Friday, February 10, 2012

Time to Confess

Photobucket


I Confess... that I totally suprised my daughter last Friday. If you haven't been keeping up, I took her to AZ to see her Godmomma. She had no idea we were going, she didnt even know part of the plan until 4am Friday morning, and the rest of the plan when we got the the airport. It was so much fun!

I Confess... even though its been over 2 yrs since I've seen Angie, we always fall into where we were before. There is no lag time. There is no awkwardness. I think being friends with someone for the past 28 years allows you to do that. I am so blessed by her friendship.

I Confess... I felt guilty for leaving my boys home, so I loaded up on Groupons and DailyDeals so they'd have fun activities to do in our absence.

I Confess... I didnt go to the gym this morning. I couldnt get Mister Husband out of bed. I know I could have gone alone, but I wasn't feeling motivated. Now I feel bad... and want to go.

I Confess... I am down another pound or so on the scale this morning. Yay!

I Confess... I have a whole Valentine's date planned with my hubby tomorrow. Movie, Massage, and Sushi. I can't wait. I love spending time just the two of us!

Wednesday, February 8, 2012

Our Love Story

1. How long have you and your significant other been together? December marked 4 years.

2. How did you meet? {What's your "love" story?} December 28th, 2007 I got a text from a friend asking if I was seeing anyone. I kinda was at the time, but nothing serious. She asked if I could give a guy she works with my number b/c she thought he’d be perfect for me. Uh, sure… whatever. I wasn’t thrilled about it… I had gotten out of a terribly heartbreaking relationship about 18 months earlier and was very jaded by the thought of a boyfriend. We texted for a few days and met up for dinner at Iggy’s in Layton and then he ended up meeting up with my friends later that night to go dancing in SLC.

3. If married, how long have you been married? If not, is this the guy you hope to marry? {do tell} Yes, we got married in September 2008

4. If you are married, where did you get married at? Big or small wedding? We got married at the Valley of Fire State Park near Las Vegas. We’ve both been married before so it wasn’t a big ordeal. We had family and close friends come.

5. Do you have any nick-names that you call one another? Do share! Well… I call him Mister Husband, he calls me Wifey. Babe, honey, love… all those work too.
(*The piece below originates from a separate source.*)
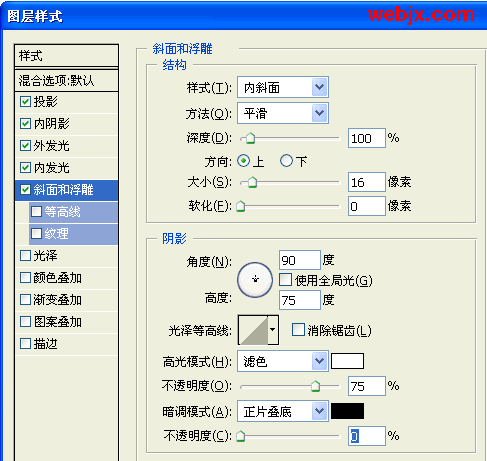 8、再添加图层样式“斜面和浮雕”效果。参数如下图设置:
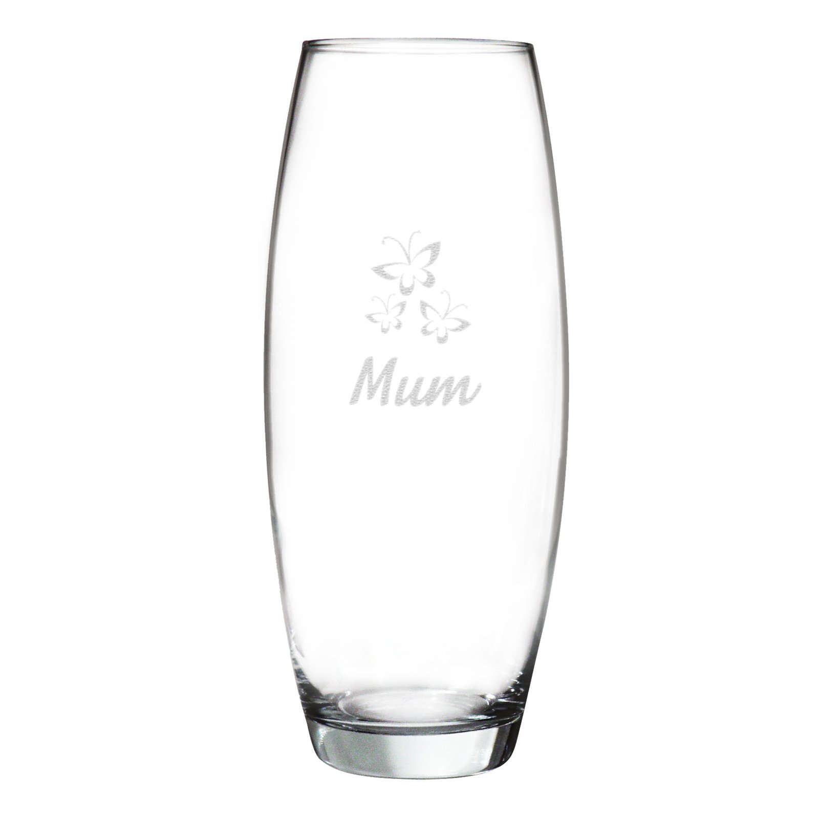 ‘Mum’ Butterflies Motif Tapered Glass Bullet Vase

With an occasional “dumbass”.

6. Name 3 things you love most about your honey. He loves my kids as they were his own. He cleans my house and does my laundry. He holds hands with me.

7. Tell us how he proposed? LOL… we were walking in SLC a few months after we started dating and he said “I could see us being married…” and I said only if I had enough beer. Just joking around… the joke went on for a few months until he asked my parents for their blessing and he proposed on my birthday.

8. Is he a flowers and teddy bear kind of guy for v-day, or strawberries, champagne, and rose petals? Hmmm…. Flowers, jewelry kind of guy. We are going to get a massage and out for sushi this year.

9. Are you a sunset dinner on the beach kind of girl, or pop a movie in and relax on the couch?
Well, I tend to fall asleep the minute we put a movie in… so I like to go out. Dinner and an early movie… or something like that.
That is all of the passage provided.